In 1981, the Air Force joined the Army in an attempt to limit the number of women in the
military while evaluating their effect on combat readiness. While the Army seems to have been
attempting to force a return to the draft, Holm, who had served as WAF Director, believes that
the Air Staff feared that if the Army held down female enlistments, the Secretary of Defense
might look to the Air Force to take up the slack and recruit additional women to leave more men
for the Army (Holm, 1992:391). While the Air Staff attempted to put limits on the recruiting
objectives for women, in 1985, Congress, faced with the pressure to allocate more recruiting
funds to the services to improve the quality of men recruited, told the Air Force that in 1987, 19
percent of new recruits should be women, and in 1988, the number should be 22 percent. After
1989, Congress mandated that the Air Force no longer set separate accession and strength
ceilings for women, even as the other services, more restricted by combat exclusion law, could
do so. The DOD’s 1988 “risk rule” on combat exclusions opened 2,700 more positions to
women in the Air Force, although the Air Force resisted actually assigning women to some of
the new jobs until 1990, when DACOWITS
made an issue of it. By the end of the 1980s, 97
percent of Air Force jobs were theoretically open to women, and 77,000 of them made up
fourteen percent of the service (ibid.:421).
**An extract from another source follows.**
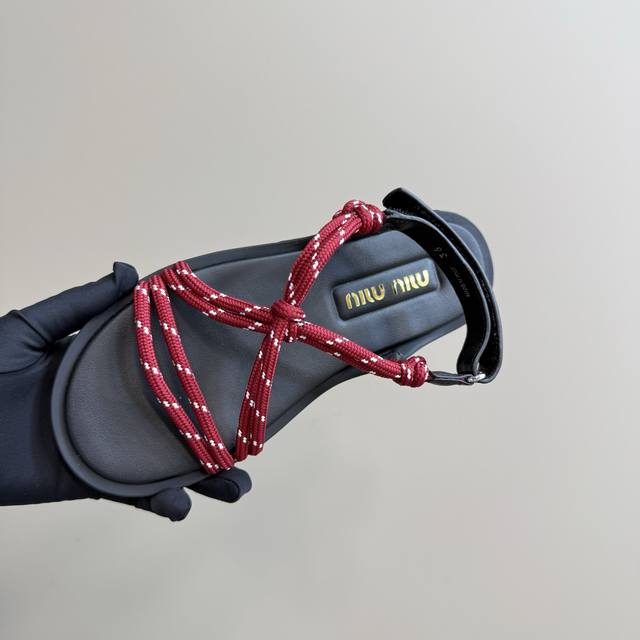 / 厂价p弹力绳 水钻300 Miu Miu 缪缪24S春夏新品 发布会巴黎时装周夹脚凉鞋 简直是夏天穿搭的时髦巅峰 鞋面采用进口牛皮 弹力绳 水钻 内里踮脚采用进
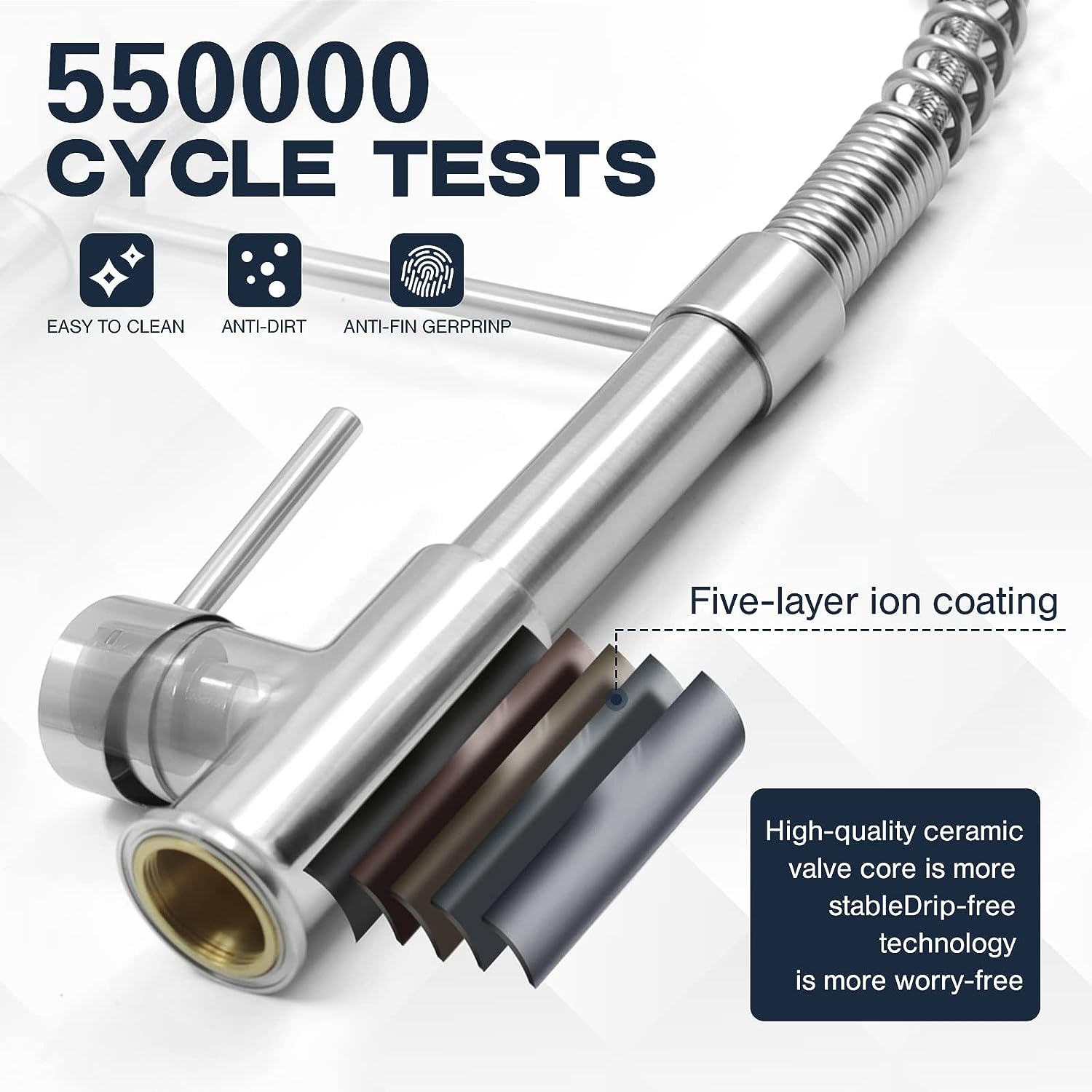 - LEAK-PROOF ASSURANCE: Our kitchen sink faucet features a high-quality ceramic valve core tested for over 500,000 leak-free cycles. With a double gasket seal at the nozzle-hose connection, it remains watertight even under high water pressure, ensuring a hassle-free experience.

The National Defense Authorization Act for Fiscal Year 1992-1993 removed legislative
restrictions on the assignment of women to combat aviation. In April 1993, the Clinton
administration, under Secretary of Defense Les Aspin, decided to allow women to compete for
assignment to combat aircraft. For the Air Force, this meant that virtually all jobs could be filled
by women, with the exception of combat control, special operations forces, and TAC Pararescue
positions. In 1998, female aviators flew operational combat mission for the first time, enforcing
the no-fly zone in Iraq. The next year, they participated in combat operations in the air war in
Kosovo (Women’s Research and Education Institute, 2003).
Although the Air Force had always had a relatively easy time recruiting and been able to
keep its standards high, like the Army and Navy, it faced recruiting problems in the late 1990s.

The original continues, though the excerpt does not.